Hope made a full recovery, and was over the moon when she got to go back in with her mom and some of her siblings. After she was back in top condition she went to live at her new home and she was spoiled rotten. 

However I regret to update everyone that my lovely little Hope passed away yesterday due to an accident in her cage. Her nest box wasn’t secure and she fell off the top level while inside of it. I wrapped her in a blanket and she has been buried with some (sugar free homemade) yogies. We had a little mini funeral for her, was very sad L She will be dearly missed, I know her family and cage mates are feeling the loss very badly. Even my rattery seems very quiet today, its almost like all the ratties know. 

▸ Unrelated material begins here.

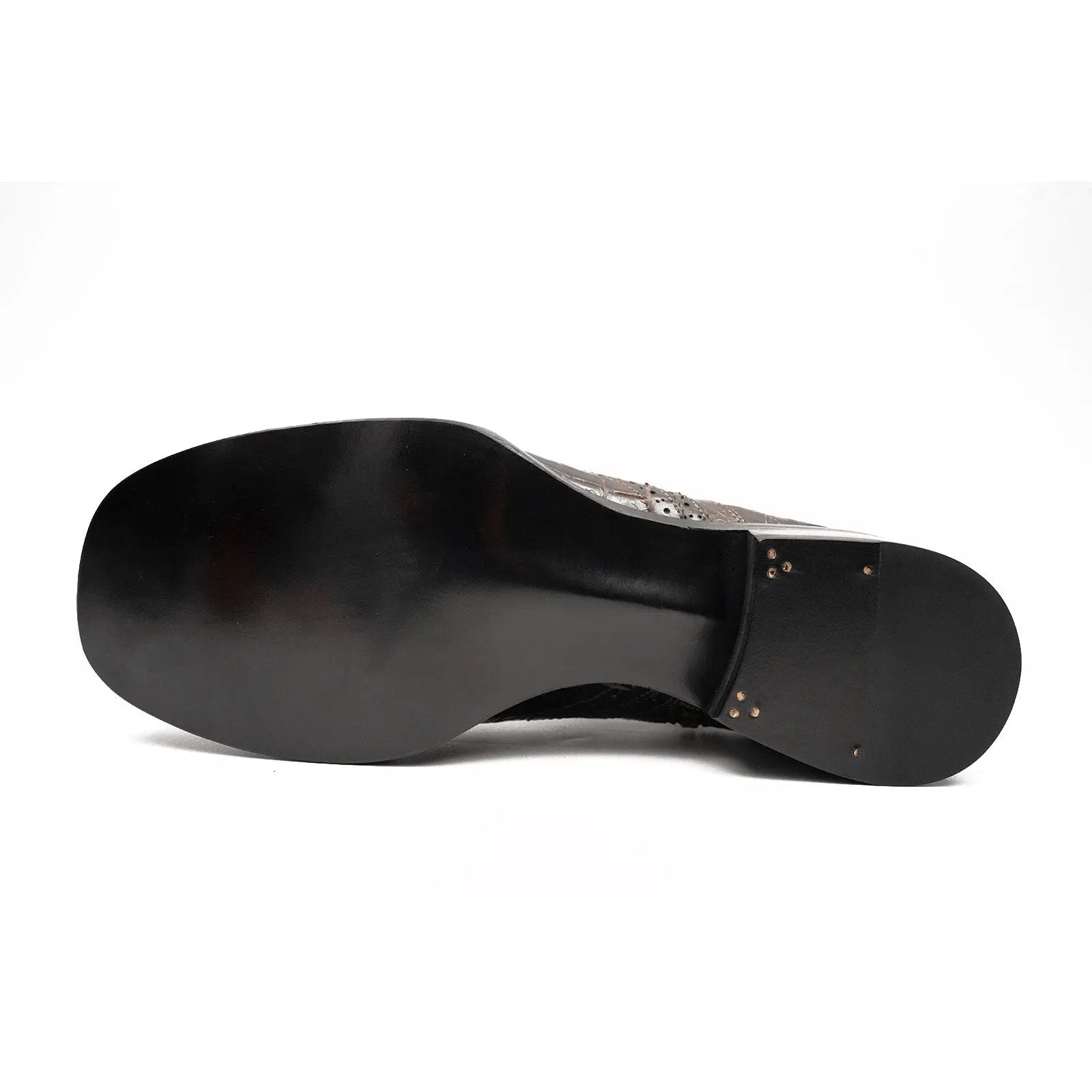 Features an imported Italian leather sole that offers flexibility and durability, molding uniquely to your foot over time. Gold-plated rivets are embedded in key stress areas for structural integrity and subtle luxury.

Play hard at the bridge little one! <3


----------



## VictorianVanity (Mar 18, 2010)

I'm so sorry for your loss. She sounded like such an amazing little girl.


----------



## ema-leigh (Jan 24, 2010)

Thank you, she was a sweet little girl!


----------



## laughingrats (Apr 21, 2010)

Im so sorry Hope passed away. She seemed to have a strong spirit. At least her second chance at life was a great one.


----------



## PixieRei (May 22, 2010)

Oh my god i'm actually in tears reading this. I'm so sorry for your loss.
You are an amazing person!


----------



## BethJJ (Jun 12, 2010)

aww what a srtong and brave little ratty. My deepest simphothies for a georgeous ratty xx


----------